Несмотря на возраст, мы уже готовы были превратиться в мужскую компанию рано состарившихся поседевших эгоистов, если бы я в один прекрасный августовский вечер не привел случайно в «Два вола» Веру, маленькую машинистку первого класса, которая бесплатно перепечатывала мои ранние рукописи и до самого конца существования этой печальной сараевской корчмы оставалась самым приверженным нашему столу женским существом.
Это была подвижная девушка с хрупкой, грациозной фигуркой, похожей на мальчишескую. Ее короткие кудрявые волосы вызывали непреодолимое желание запустить в них ладонь, а слегка торчащие вперед зубки, что непрестанно в улыбке выглядывали из-за бледных губ, дарили ее личику симпатичный беличий облик. Большие черные глаза и ямочки на щеках вызывали у каждого, стоило лишь внимательно поглядеть на них, одновременно печаль и улыбку – чувство нежности.

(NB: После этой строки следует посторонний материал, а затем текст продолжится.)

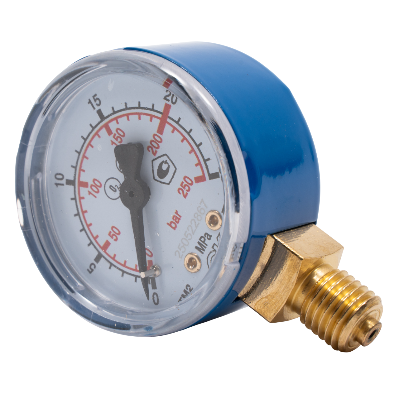 Манометр предназначен для измерения избыточного давления жидких и газообразных неагрессивных и некристаллизующихся сред. Манометр является неотъемлемой частью редуктора, вкручивается в основание с резьбой М12х1,5 с помощью ключа на 14. Штуцер имеет радиальное расположение и выполнен из латуни. Предназначен для измерения давления газа при температуре окружающей среды от -20 С до +60 С. Точность 2.5 достигается за счёт применения медной трубки Бурдона – уникального измерительного элемента. Стальной корпуса манометра диаметром 50 мм защищён техническим (органическим) стеклом, циферблат выполнен из алюминия.
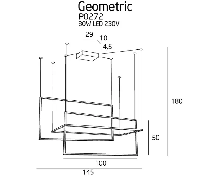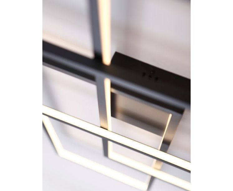 Minimalistyczna, ale odważna i przyciągająca spojrzenie lampa Geometric to doskonały wybór dla każdego miłośnika dobrego designu. Trzy wąskie, aluminiowe, prostokątne ramy nie są połączone, ale przenikają się nawzajem, dzięki czemu, pomimo imponujących rozmiarów, kompozycja stwarza wrażenie lekkości i nie przytłacza przestrzeni. Wewnętrzne krawędzie ram są wypełnione wysokiej jakości listwami led, skrytymi pod mlecznym szkłem akrylowym, co zapewnia długi czas użytkowania i przyjemne, miękkie rozświetlenie. Oprawa Geometric została stworzona z myślą o wnętrzach nowoczesnych i minimalistycznych, jednak będzie zachwycająco prezentować się także jako nowoczesny akcent wystroju w tradycyjnych czy industrialnych przestrzeniach. Aranżację świetlną można uzupełnić o dopasowany kinkiet.
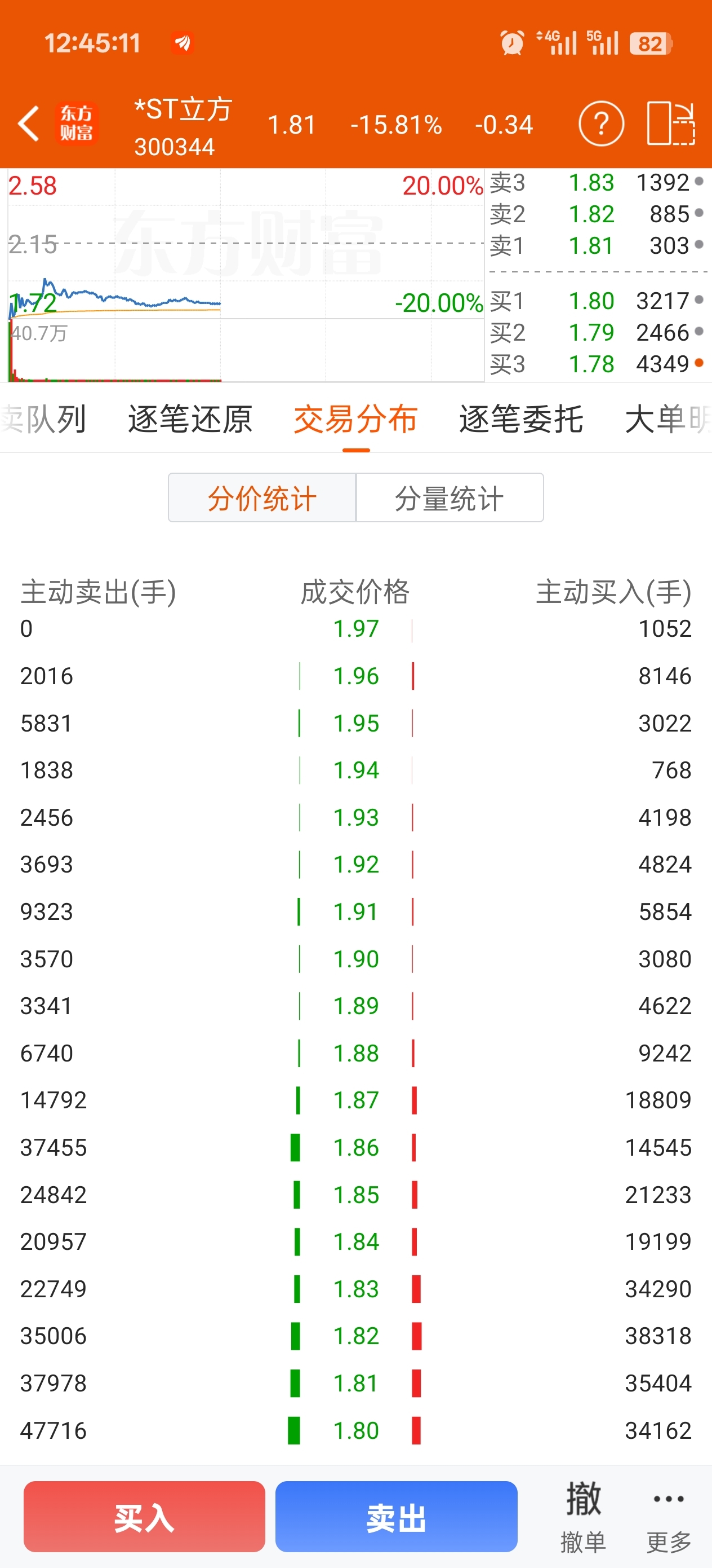 $*ST立方(SZ300344)$ 等等尾盘跌停了再卖。。。。

Наша ровесница – сестра, которой у нас не было, окончила гимназию вместе с нами, но средств для продолжения учебы не нашла, вот она и ухватилась за машинопись как за кратчайший путь найти работу, получить должность в машинописном бюро местной газеты «Освобождение».

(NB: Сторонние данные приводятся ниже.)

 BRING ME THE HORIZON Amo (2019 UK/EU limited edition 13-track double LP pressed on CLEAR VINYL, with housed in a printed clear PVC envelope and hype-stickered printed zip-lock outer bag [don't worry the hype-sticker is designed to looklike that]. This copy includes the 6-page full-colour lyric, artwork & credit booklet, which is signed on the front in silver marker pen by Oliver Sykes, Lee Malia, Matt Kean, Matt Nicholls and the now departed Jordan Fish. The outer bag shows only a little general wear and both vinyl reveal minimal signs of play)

Она обладала исключительным даром: тихим и постоянным спокойствием, настолько необычным для ее лет, она усмиряла самых раздражительных личностей и могла, не произнеся ни слова, одним только присутствием и взглядом, полным терпения, прекращать застольные споры. Где бы она ни сидела, у всех создавалось впечатление, что она может оставаться здесь до конца света. Человек пребывал в уверенности, что он может оставить ее и застать на том же самом месте, когда бы не вздумал вернуться. Это было заметно даже по ее манере курить, а курила она много; даже дым ее сигарет, казалось, вьется куда спокойнее и гармоничнее нашего. Денег у нее не было, как и у нас, но все же у нее оказывалось больше монет, чем у нас. Ее кошелек в форме маленькой сумочки походил на тайную женственную ризницу, полную потаенных выгородок с неожиданными заначками.

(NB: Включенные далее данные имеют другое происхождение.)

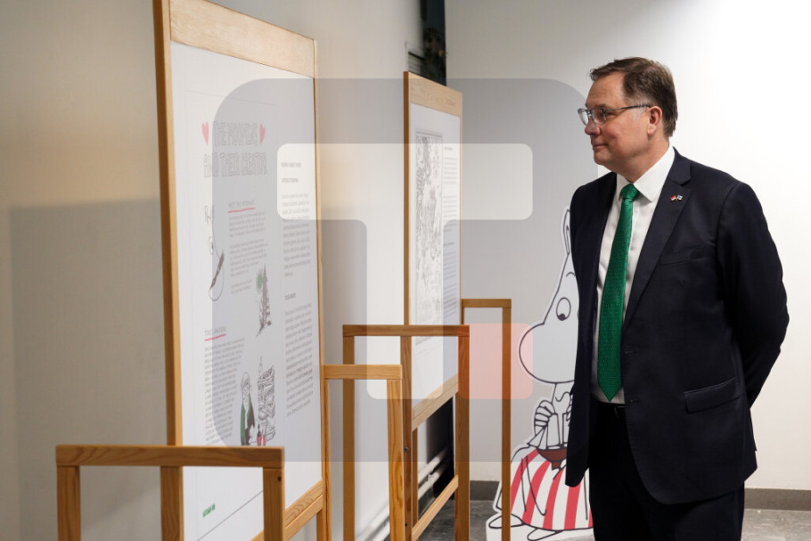 BEOGRAD - Ambasador Finske Niklas Lindkvist otvorio je danas izložbu "80 godina priča o Muminima", posvećenu likovima spisateljice i ilustratorke Tuve Janson, u Atrijumu galerije Biblioteke grada Beograda (BGB).
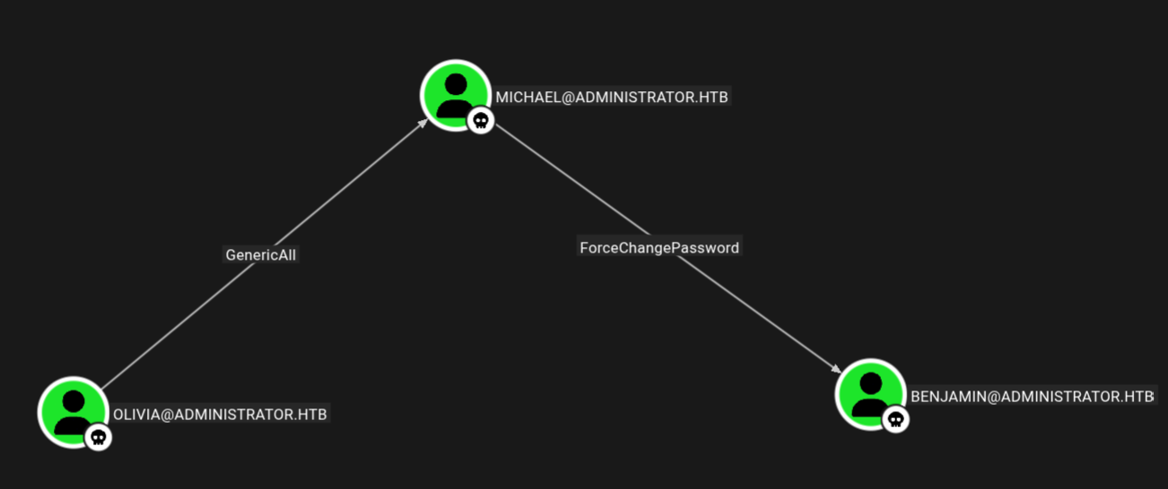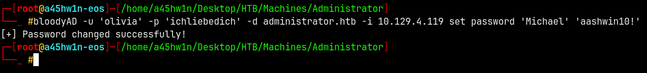 bloodyAD -u 'olivia' -p 'ichliebedich' -d administrator.htb -i 10.129.4.119 set password 'Michael' 'aashwin10!'
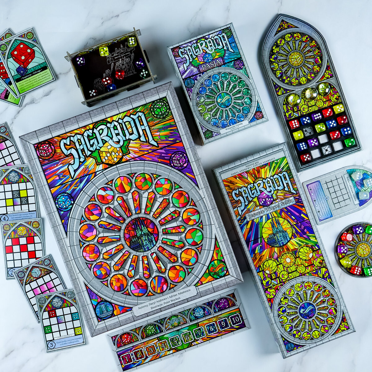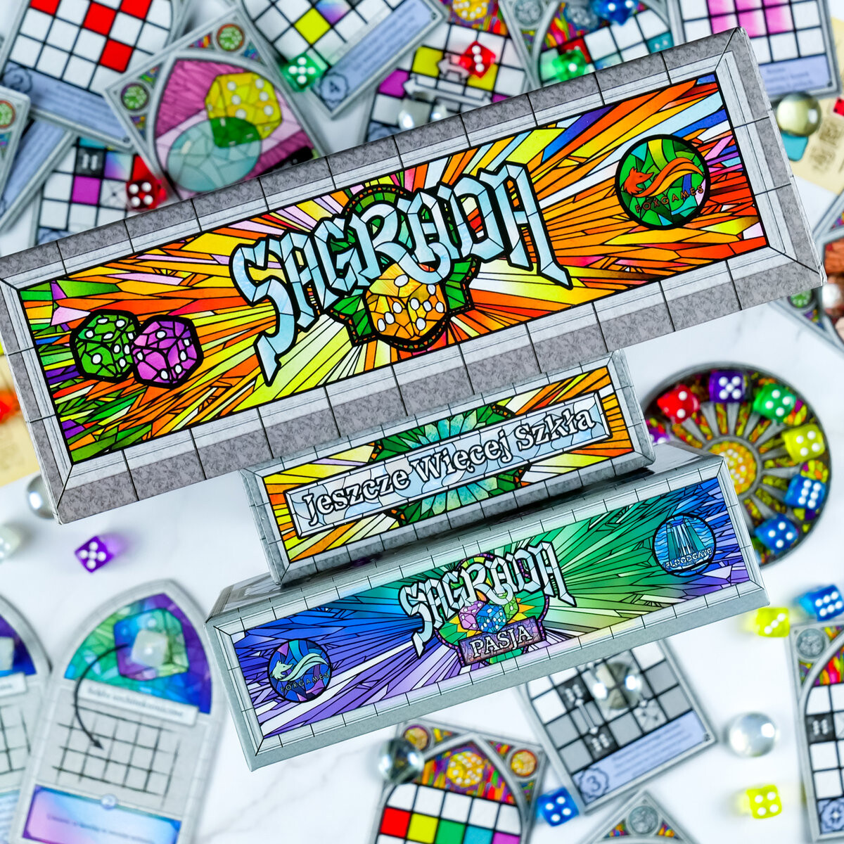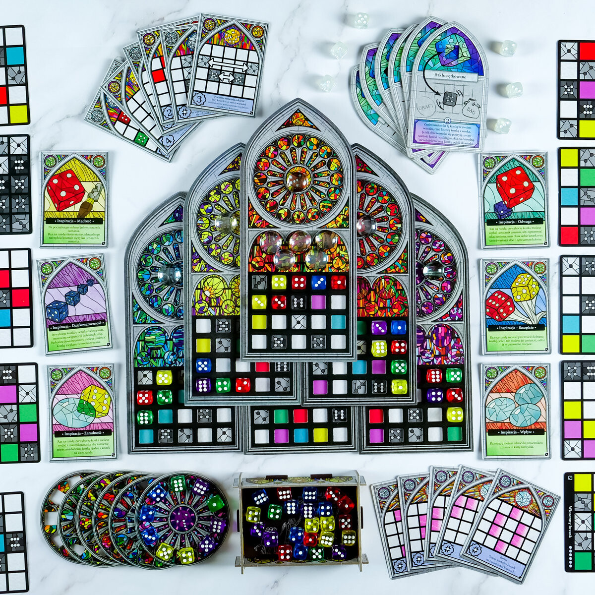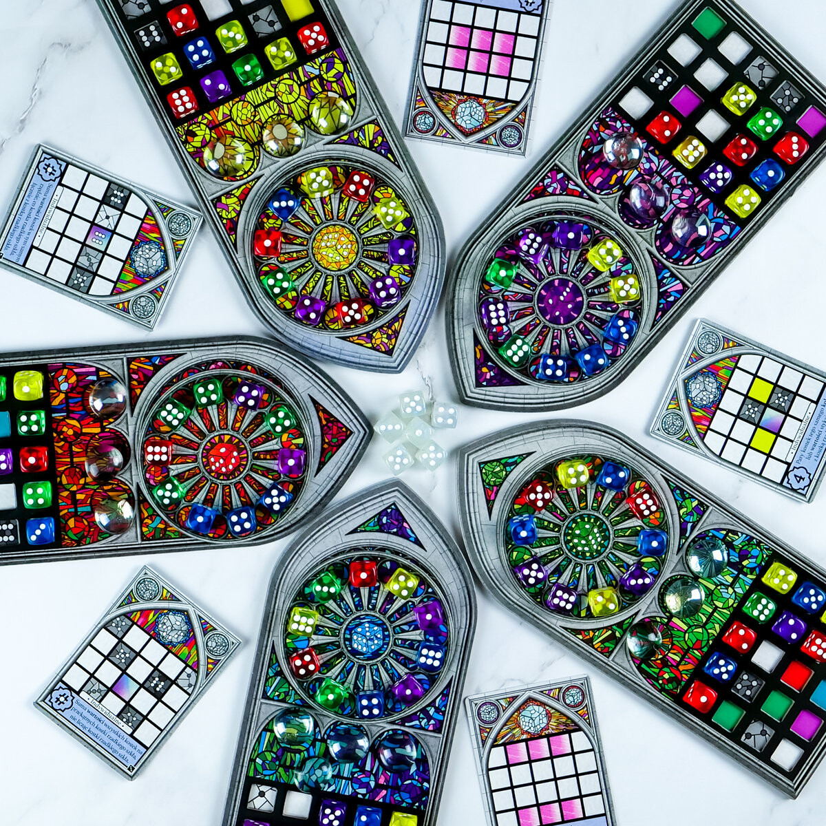 Дополнительные рамки и наборы кубиков позволят играть до 6 человек, а также новые карты целей. инструменты и витражи разнообразят игровой процесс. Также вас ждет совершенно новый элемент механики — личный стеклянный ресурс. В коробке также имеется привлекательный лоток для кубиков.

На улице, в трамвае или в кафе вряд ли кто обращал на нее внимание – в старом пальто с чересчур длинными рукавами, в серых мешковатых юбках до щиколоток и в полуботинках на низком каблуке. Иногда я, сам невысокого роста, в холодные зимние ночи надевал на нее свой свитер, и она выглядела в нем как в широком шерстяном платье. Словом, самая обыкновенная сараевская девчонка, скромная и незаметная. Но в то время как ее несравненно более красивые ровесницы прикладывали невероятные усилия, чтобы найти парня для вечернего выхода в свет, Веру моментально, стоило ей только захотеть, окружали пять или шесть молодых людей, а она всегда старалась усесться между Бель Ами и мной. Она просто, как бы совершенно случайно, оказывалась у «Двух волов» и заходила, чтобы глянуть, нет ли там кого из наших, да так и оставалась там с нами вплоть до закрытия.
Влюбленные в иных, недостижимых городских красавиц, которые на манер племенных кобыл прохаживались взад-вперед по Главной улице, колыша соблазнительными телесами и беспрестанно откидывая с лица пряди буйных волос, мы едва замечали Веру, считая ее кем-то вроде товарища женского пола, точнее, гадким утенком, и ничего не замечали, а она все то время, похоже, выбирала между нами двумя, старыми соперниками с самого детства.
Даже лето, когда все с облегчением сбрасывали скучные зимние одежды, почти не меняло ее облика. Полотняные платья неопределенного цвета или слишком длинные маечки с болтающимися рукавами открывали Верины прелести ничуть не больше, чем тяжелое зимнее пальто.